WORK INSTRUCTIONS: Exclude every picture. Output verbatim the lines from the one containing "会社でお昼を買いに行くときや" to the end of the data.
::: RECORDS FOR THIS TASK
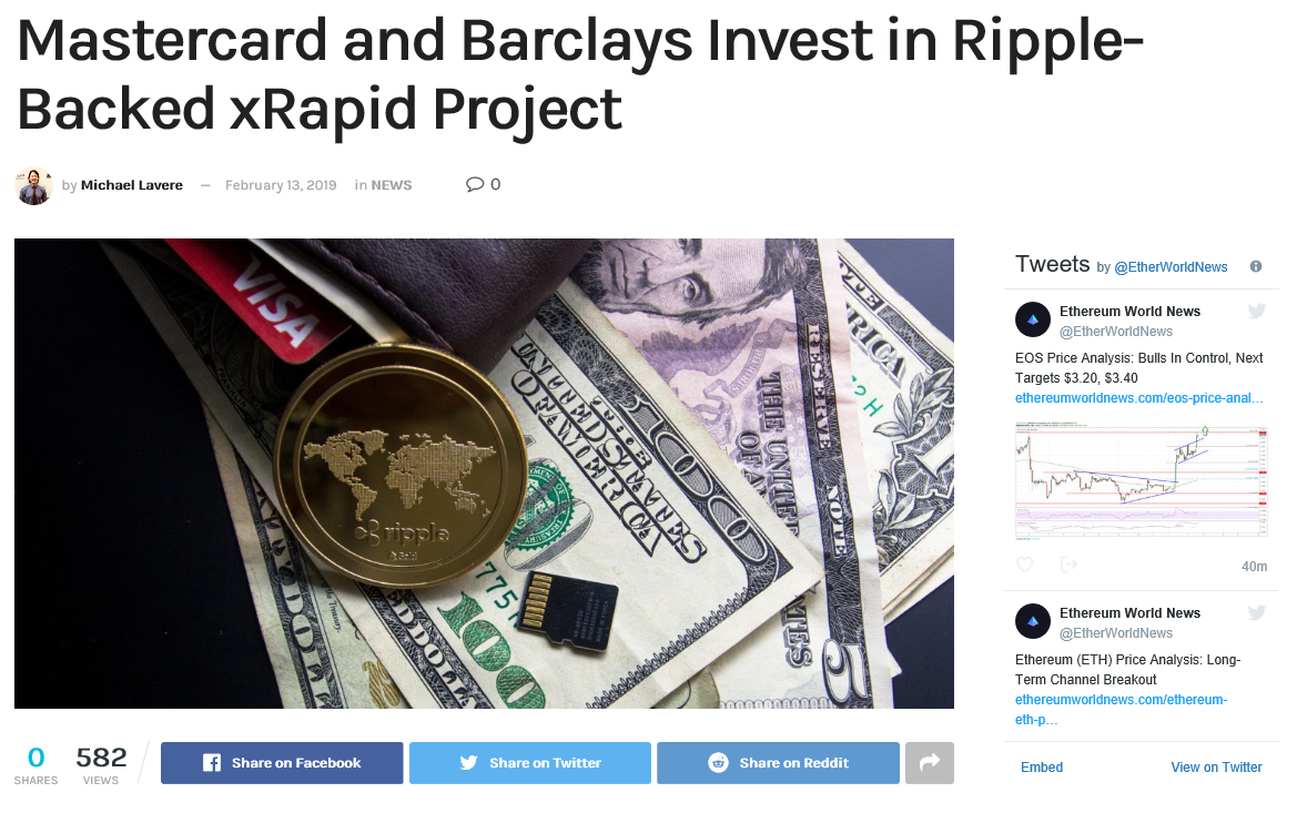 리플의 xRapid 서비스를 이용한 송금 회사인 센드프렌드는 최근 마스터카드와 바클리스에 투자 받았고,
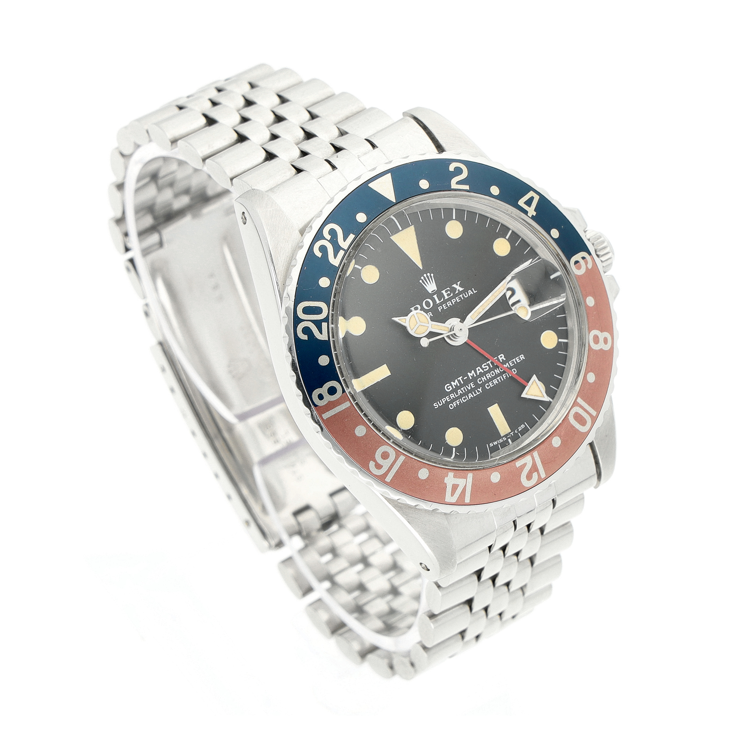 Rolex GMT-Master aus dem Jahre 1973 mit einem 40mm Gehäuse in Edelstahl und Faltschließe. Die Herren Rolex Uhr befindet sich in einem sehr guten Zustand.
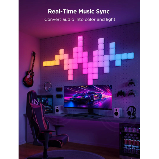 Světla lze snadno připevnit pomocí předinstalované 3M pásky, což znamená, že žádné vrtání ani komplikace nejsou potřeba. Balení obsahuje 10 panelů, které můžete libovolně kombinovat do různých tvarů a sestav – dokonce je možné propojit až 70 panelů najednou! Ovládání světel je snadné díky chytré aplikaci, která umožňuje výběr z přednastavených scén, hudební vizualizace i vlastní nastavení barev.
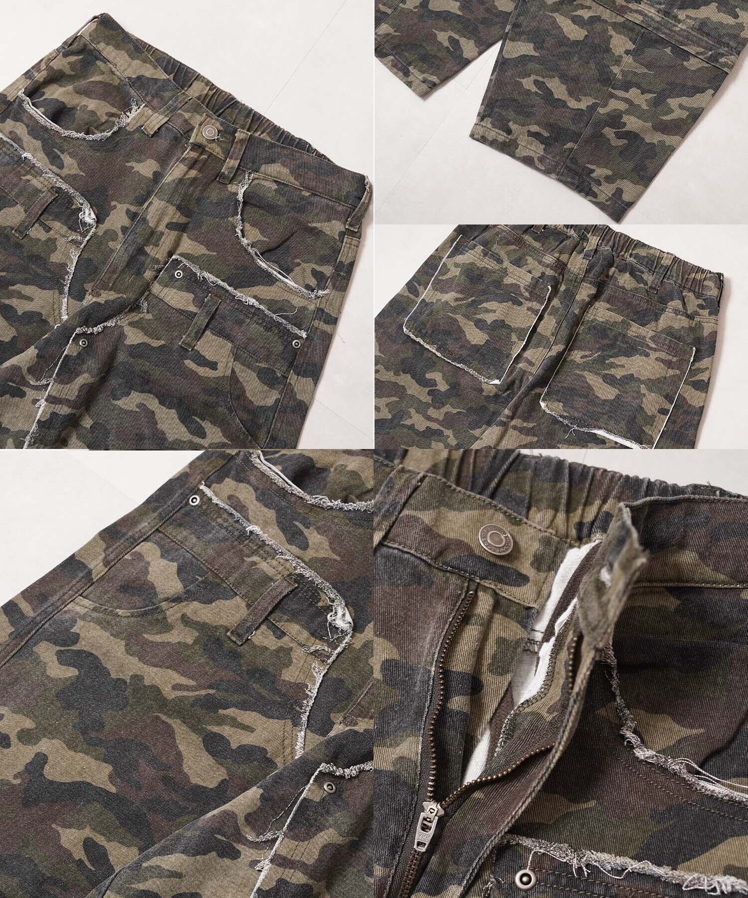 ヴィンテージ加工 ワイドデニム ジーンズ バギーパンツ カーブパンツ 緩めデニム パンツ ボトム ボトムス ピスポケット 後ろポケット 迷彩 カモ カモフラ カモフラージュ デニム 秋冬 新作 秋服 冬服
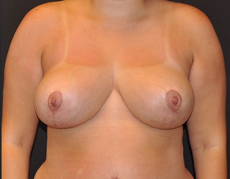 This is a very nice 28 year old female who is concerned about her breast size after multiple pregnancies and breast feeding. She is currently a G cup and desires to wear a full D cup bra. She underwent a short scar, superior-medial breast reduction with the removal of 570 grams from the right breast and 390 grams from the left breast. The results shown are early, only one month from
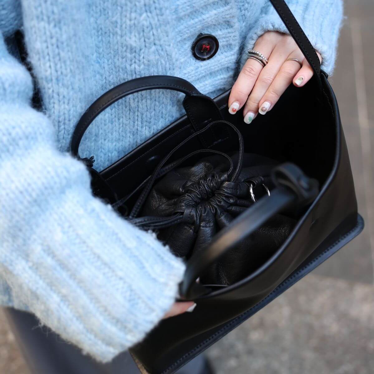 会社でお昼を買いに行くときや、お手洗いへ行くときなど、バッグを持つほどじゃないという時に巾着だけスポッと抜き取って持ち運べるのも便利ポイントです。
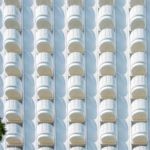 安山岩張りで仕上げられた外観はどこかアール・デコの雰囲気をまとい、内部には渋沢家の家紋にちなんで “柏の葉” がデザインされたステンドグラスやタイルが要所に施され、この時代ならではの職人の心意気の様なものが感じられる。
::::::
YOUR RESPONSE:
 会社でお昼を買いに行くときや、お手洗いへ行くときなど、バッグを持つほどじゃないという時に巾着だけスポッと抜き取って持ち運べるのも便利ポイントです。
 安山岩張りで仕上げられた外観はどこかアール・デコの雰囲気をまとい、内部には渋沢家の家紋にちなんで “柏の葉” がデザインされたステンドグラスやタイルが要所に施され、この時代ならではの職人の心意気の様なものが感じられる。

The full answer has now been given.